Dynamic light scattering

The hydrodynamic diameter of each membrane mimetic was estimated by dynamic light scattering (DLS) using a Zetasizer Nano-series instrument (Malvern Instruments, UK) at room temperature, with 1 cm path length UV-transparent disposable cuvettes. Mimetic samples were diluted to a concentration of 0.06 mg/ml with 25 mM sodium phosphate buffer at pH 6.8. Each sample was measured six times and each measurement consisted of sixteen accumulations, and were recorded after 300 s equilibration time. To determine the error in these measurements the standard deviation was calculated for each mimetic; DPC (3.7 ± 0.72 nm); LMPG (4.2 ± 0.67 nm); DMPC/DHPC bicelles (18 ± 3.63 nm); DMPC (75 ± 11.1 nm); 60:1:15 DMPC:DMPG:DHPC (22 ± 4.1 nm); 60:1:15 DMPC:DMPG:DHPC (42 ± 6.5 nm); 60:1:15 DMPC:DMPG:DHPC (83 ± 8.4 nm). The Malvern Zetasizer software was utilized for processing data and afterwards exported as intensity and number distributions.

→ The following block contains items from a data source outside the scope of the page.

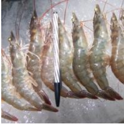
อ่าวคู้งกระเบน
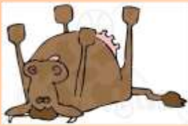
Las vacas se mueren
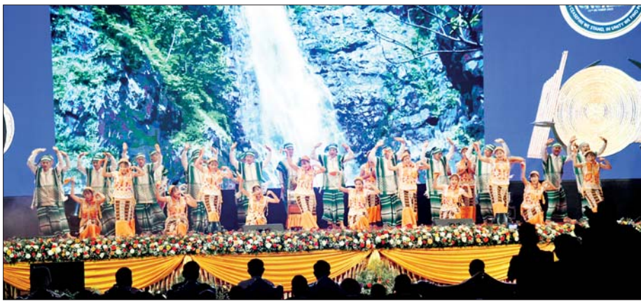
ကရင်ပြည်နယ်မှ တိုင်းရင်းသား/ တိုင်းရင်းသူများက “ငြိမ်းချမ်းဝေဆာ ပြည်မြန်မာ” တေးသီချင်းဖြင့် သရုပ်ဖော်ကပြ ဖျော်ဖြေတင်ဆက်ကြစဉ်။
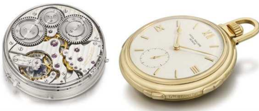
Механизм часов с боем начала 19 в.

Роскошно изданная и прекрасно иллюстрированная редкими и оригинальными фотографиями 90-страничная книга сопровождается специальной аудиосистемой, позволяющей слышать перезвон уникальных часов, отбивающих часы, четверти часов и минуты. Заказывайте скорее, и под елку!
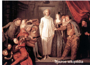
Jean-Antoine Watteau (Valenciennes, 1684 – Nogent-sur-Marne, 1721) Les Comédiens italiens 1720 National Gallery of Art (Washington, USA)

jeunes gens de la haute société se préparant et revenant d'un bal, dans une débauche de froufrous et de masques qui ne sont plus ceux du théâtre mais ceux d'une coquetterie empreinte de mystère très en vogue à l'époque.
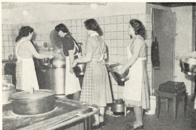
Der hentes middagsmad

november d. år; derom er der fortalt andetsteds i denne bog, og jeg henviser interesserede læsere til denne redegørelse.
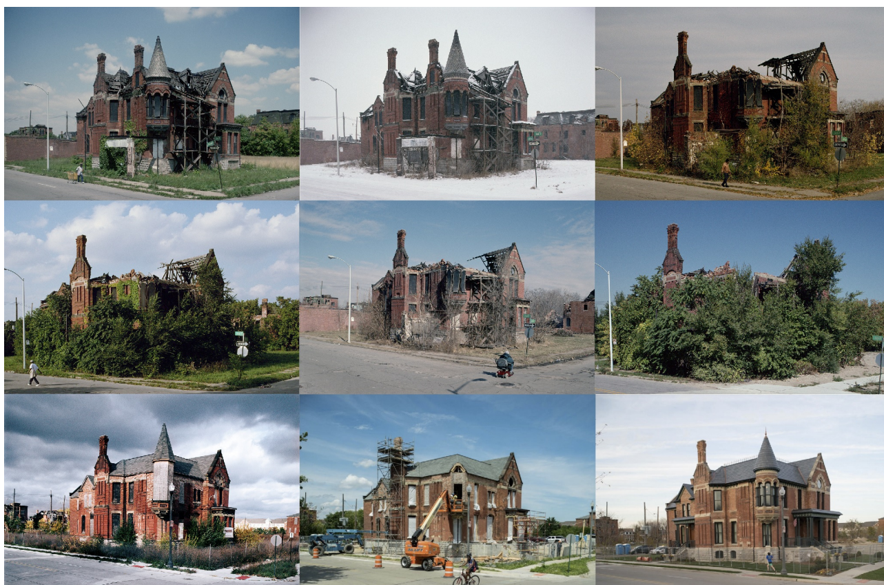
Ransom Gills House
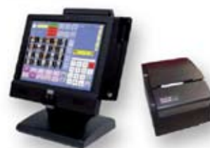
sistema computerizzato di cassa

CENTRO ACCREDITATO DALLA CCIAA DI PARMA PER LA VERIFICA METRICA PERIODICA SU TUTTO IL TERRITORIO NAZIONALE
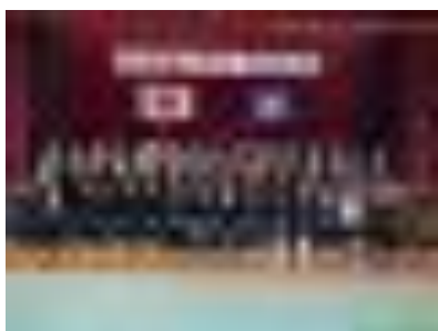
式典後の集合写真
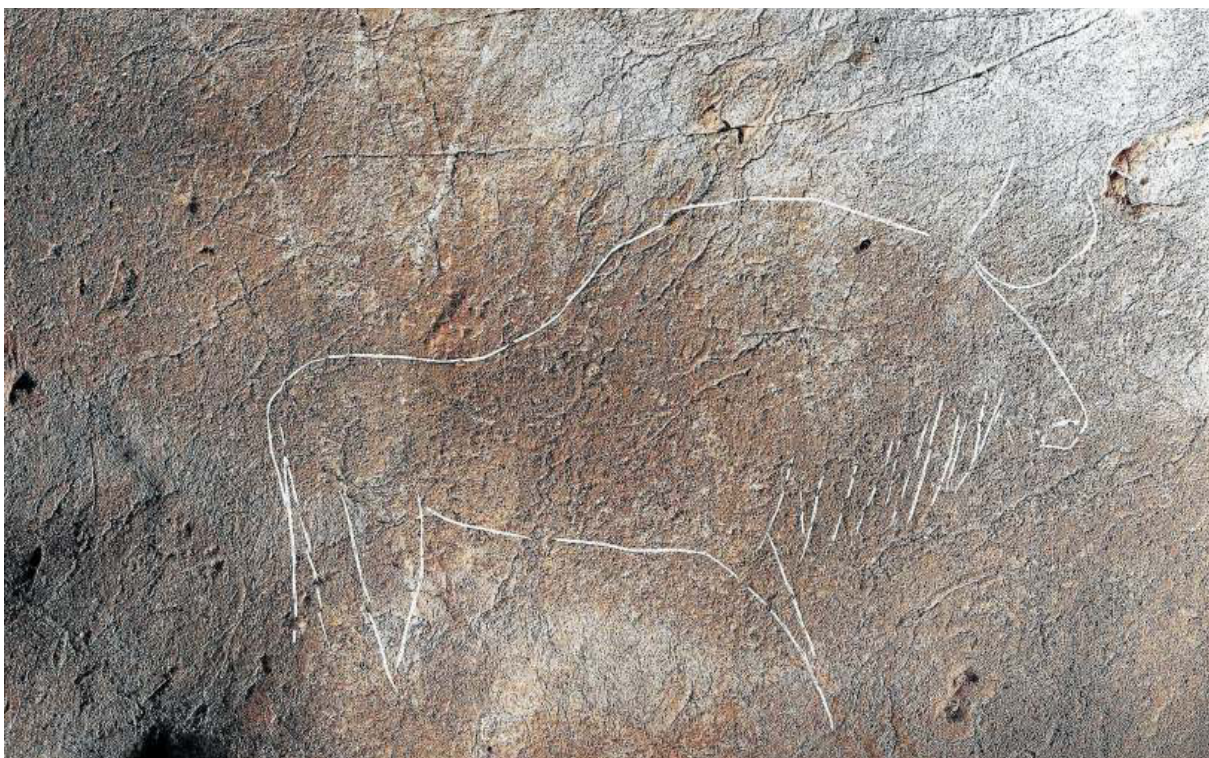
Uno de los grabados encontrados en la cueva Alkerdi 2.
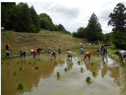
都市住民グループの米作り体験の様子
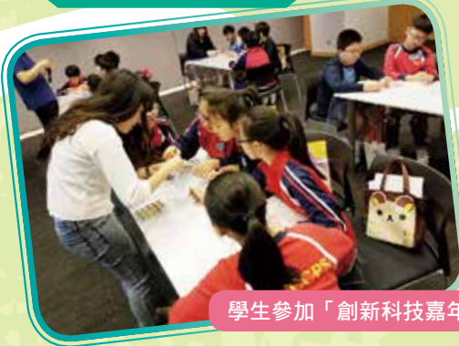
學生參加「創新科技嘉年華」，親身體驗香港於創新科技的成就及其對生活所帶來的便利與樂趣。
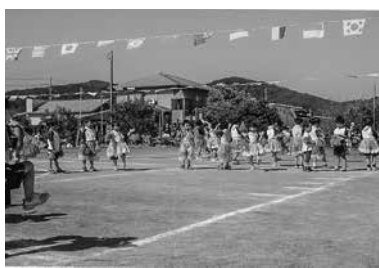
年少リズム「ポポポポーズ」

公開当日は、天候にも恵まれ村内、県内、遠くは岡山県、愛知県、静岡県などから約100名の方が観覧にお越しくださいました。
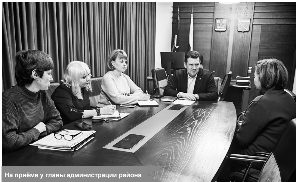
На приёме у главы администрации района

Приём граждан – один из самых открытых и удобных инструментов взаимодействия с жителями. Благодаря личным встречам удаётся получить обратную связь и найти эффективные пути решения актуальных проблем.
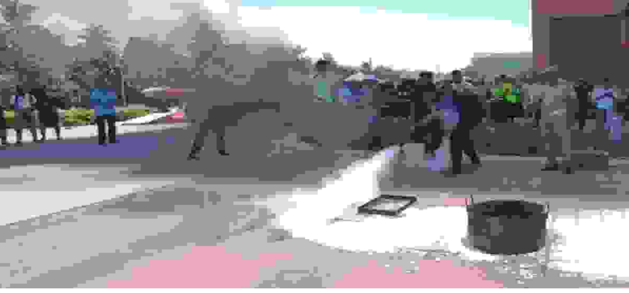
தீ விபத்து ஏற்படும் நேரங்களில் அதை எவ்வாறு கையாளுவது குறித்து ஒத்திகை நிகழ்ச்சி சென்னையில் நடைபெற்றது.

நுழைவுத் தேர்வு (நீட்) கடந்த மே 3-ம் நடைபெற்றது. ஆனால் அந்த தேர்வுக் கான வினாத்தாள் கள் தேர்வுக்கு முன்னரே கசிந்தது. அந்தத் தேர்வு செல்லாதென கடந்த மே 13 அன்று தேசியத் தேர்வு முகமை அறிவித்துள்ளது. அதனை யடுத்து அதே தேர்வு ஜூன் 21 அன்று மீண்டும் நடைபெறும் என அறிவிக்கப்பட்டுள்ளது. நீட் தேர்வே வேண்டாமென தொடக்கத் தலிருந்தே விசிக வலியுறுத்தி வருகிறது. இந்நிலையில் இதனைக் கண்டித்து, நீட் தேர்வு முறையை முற்றாகக் கைவிட வேண்டுமென வலியுறுத்தியும் தமிழகம் தழுவிய அளவில் தி.க. ஒடுங்கிணைக்கும் ஆர்ப்பாட்டங்களில் விடுதலைச் சிறுத்தைகள் கட்சியும் பங்கேற்கிறது. சென்னையில் விசிக சார்பில் நான் கலந்து கொள்கிறேன். இவ்வாறு அவர் கூறியுள்ளார்.
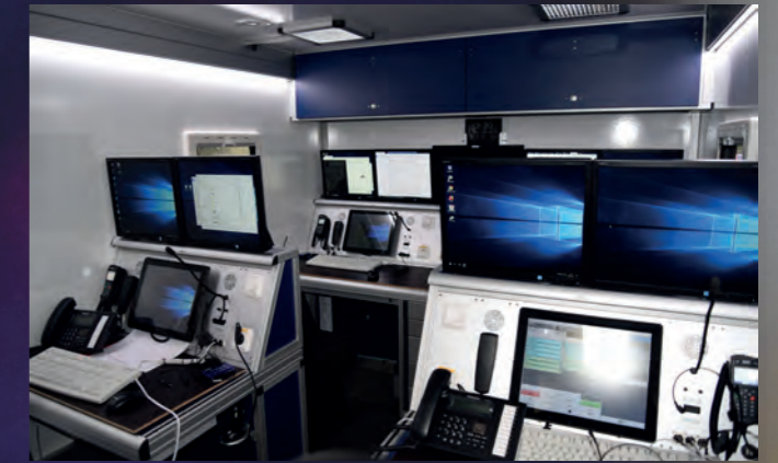
Innenansicht Einsatzleitwagen ELW 2
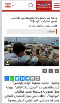
ورشة عمل تصويرية وتدريبية في طرابلس ضمن فعاليات "فيحاؤنا"
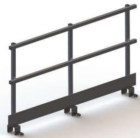
GARDE CORPS 2000MM
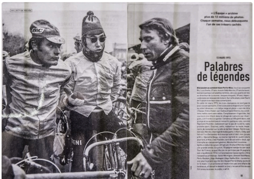
Eddy Merckx, Luis Ocaña et Jacques Anquetil lors d'un Paris-Nice éprouvant - Article de l'Equipe
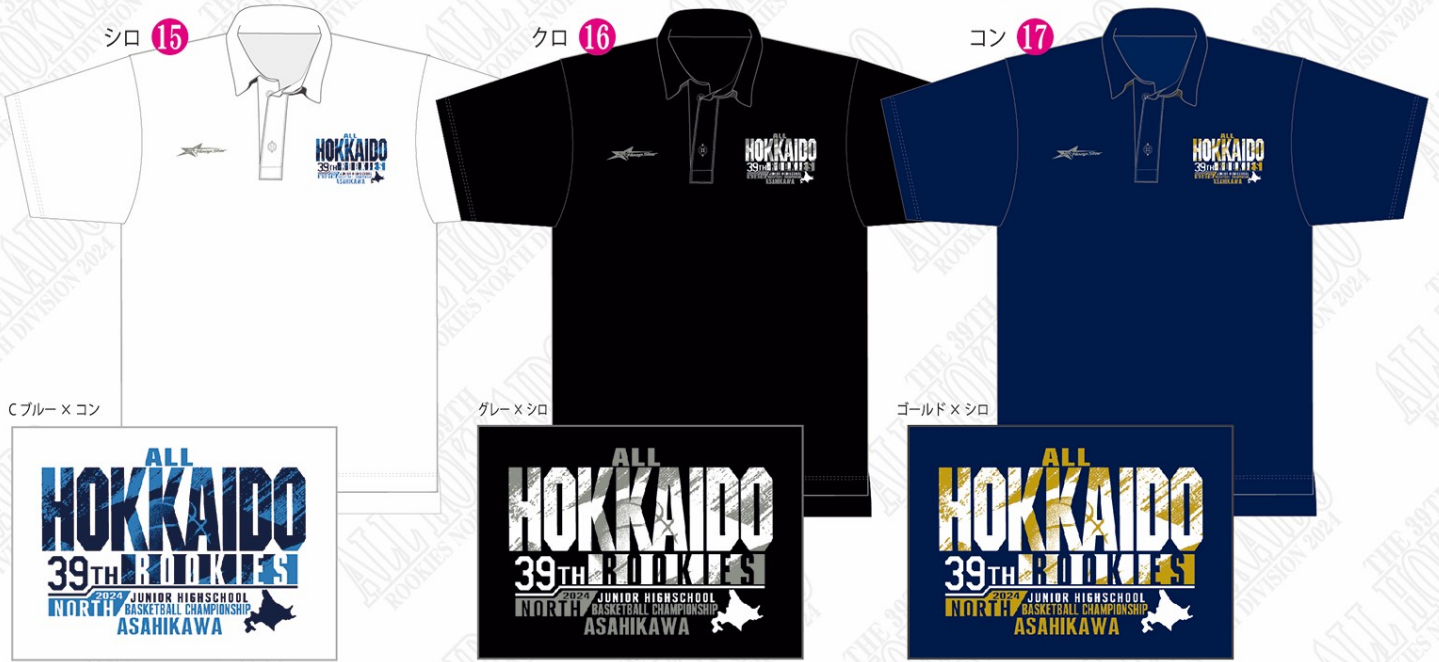
シロ 15 Cブルー×コン

Nuclear magnetic resonance experiments

Samples for 1H-1H TOCSY and NOESY NMR experiments contained peptides at a concentration in the range of 1–1.5 mM, as determined by measuring absorbance at 280 nm (A280), in 25 mM sodium phosphate buffer, pH 6.8, with 90% H2O, 10% D2O and 50 mM DPC-d38. NMR experiments were carried out on an 700 MHz Avance spectrometer (Bruker Biospin, UK) equipped with a triple resonance inverse cryoprobe with Z-gradients using 3 mm diameter NMR tubes (Bruker, Germany). Spectra were obtained at 37 °C with 4096 × 256 data points, 14 × 14 ppm spectral windows, 32 scans, and referenced to residual water. Mixing times for TOCSY and NOESY ranged from 70 to 140 ms and 90 to 200 ms, respectively. Topspin 3.2 (Bruker Biospin, UK) was used for processing spectra and CcpNmr Analysis V252 for assignment. Hα chemical shift data from 2 to 3 separate TOCSY spectra were used to estimate error in chemical shift. We find all Hα chemical shifts, which are crucial in mapping regions of helicity using CSI methods, are accurate within 0.005 ppm.